Every fast food restuarant I've worked at would demand you come in while sick unless you got a doctor's note, which is basically impossible for underpaid workers. I've seen people who couldn't stop puking handling ready-to-eat food. I've also never seen anyone wash produce AT ALL and gloves have made everything far worse because nobody washes their hands anymore. They also stay understaffed to save money.

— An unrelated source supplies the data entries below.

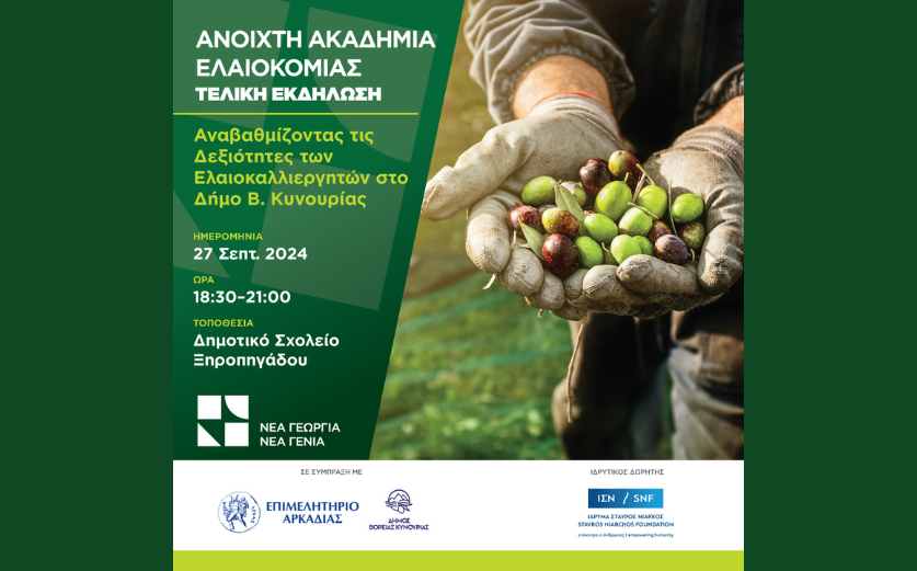 Τελική Εκδήλωση – Πρόγραμμα «Ανοιχτή Ακαδημία Ελαιοκομίας» Αναβαθμίζοντας τις Δεξιότητες των Ελαιοκαλλιεργητών στο Δήμο Β. Κυνουρίας Με επιτυχία ολοκληρώνεται το εκπαιδευτικό πρόγραμμα «Ανοιχτή Ακαδημία Ελαιοκομίας», που υλοποιείται από τον οργανισμό
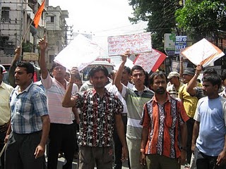On August 8th Hindu Samhati organized protest meetings in many places to express their solidarity for the Deganga Hindu victims . There were road blockages by HS supporters at two location in Barasat. Samhati President Tapan Ghosh attended a rally in Baguihati.
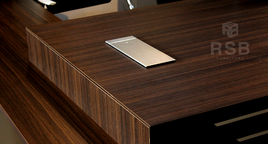 – หน้าโต๊ะ ผิวเมลามีนหนา 50 mm ที่ขอบ ดีไซน์ทำเฉียงเข้ามุม 45 องศา
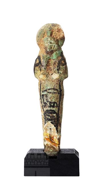 Statuina funeraria mummiforme, di manifattura alquanto grossolana. L'ushabti presenta la parrucca tripartita, sulla quale sono stati posti un cobra ureo e un disco solare. Le braccia sono incrociate sul petto, con le mani affiancate che reggono ciascuna una zappa dipinta in nero. Lungo le gambe vi è una colonna di iscrizione dipinta anch'essa in nero, di difficile lettura a causa della cattiva grafia dei segni e della scomparsa di parte di essi a causa di una scheggiatura, anche se sembra di intravedere un cartiglio, il che indurrebbe a pensare trattarsi di un ushabti di un personaggio regale.
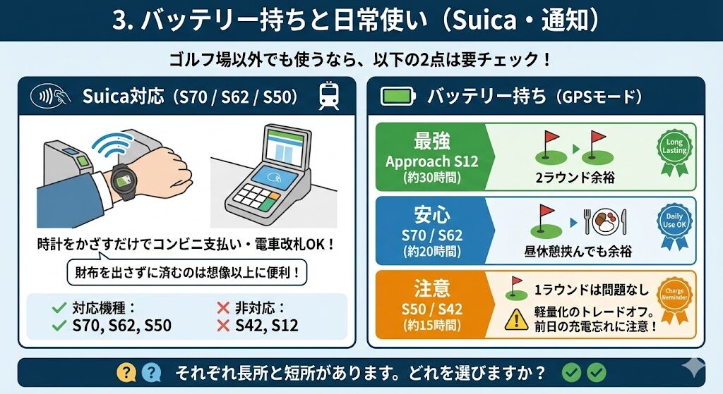 3. バッテリー持ちと日常使い(Suica・通知)
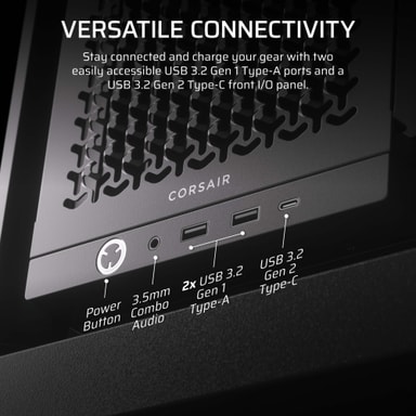 Front I/O-panelet har to USB 3.2 Gen 1 Type-A-porter og en USB 3.2 Gen 2 Type-C-port, som gir enkel tilgang for tilkobling og lading. Panelet er utskiftbart, noe som muliggjør oppgraderinger for å møte dine tilkoblingsbehov.
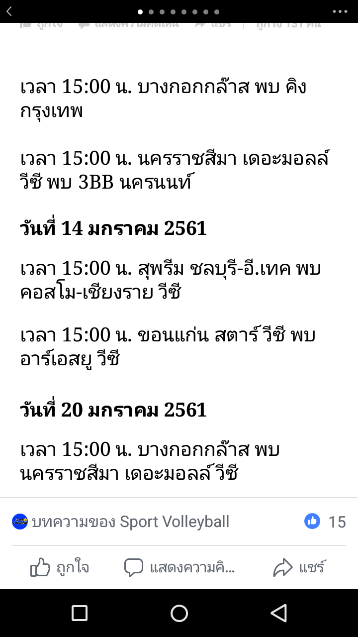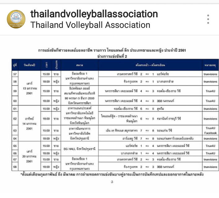 ใครมีตารางแข่งขันวอลเลย์บอลไทยแลนด์ลีกเลก2บ้าง

Meanwhile at high end restaurants we were overstaffed, given free meals, and being genuinely sick wasn't a possible firing. Working at a fancy dinner place and I was paid well and happy to work. Working at fast food I was once fired because a snow storm knocked out the power, we were closed and I called DAILY to see if we were open (I worked evenings) after three days the ice and snow were good enough I could safely get into town and noticed they were open, went inside and was told I was fired for a no-call no-show and mentioned I had called every day around 9am, I was told "oh yeah the phone lines are down".

The manager didn't even attempt to call me when I didn't show up. At my sit-down restuarant job I was told to take all the time I needed to recover when I went to the hospital. There's such a disconnect.

Fast food is also disgusting. Mold everywhere, being told by managers to ignore the temp times because food waste hurt our bottom line, etc,. This was at KFC, Subway, McDonald's, Burger King, Pizza Hut, and Taco Bell. I've heard it's almost every store from coworkers too.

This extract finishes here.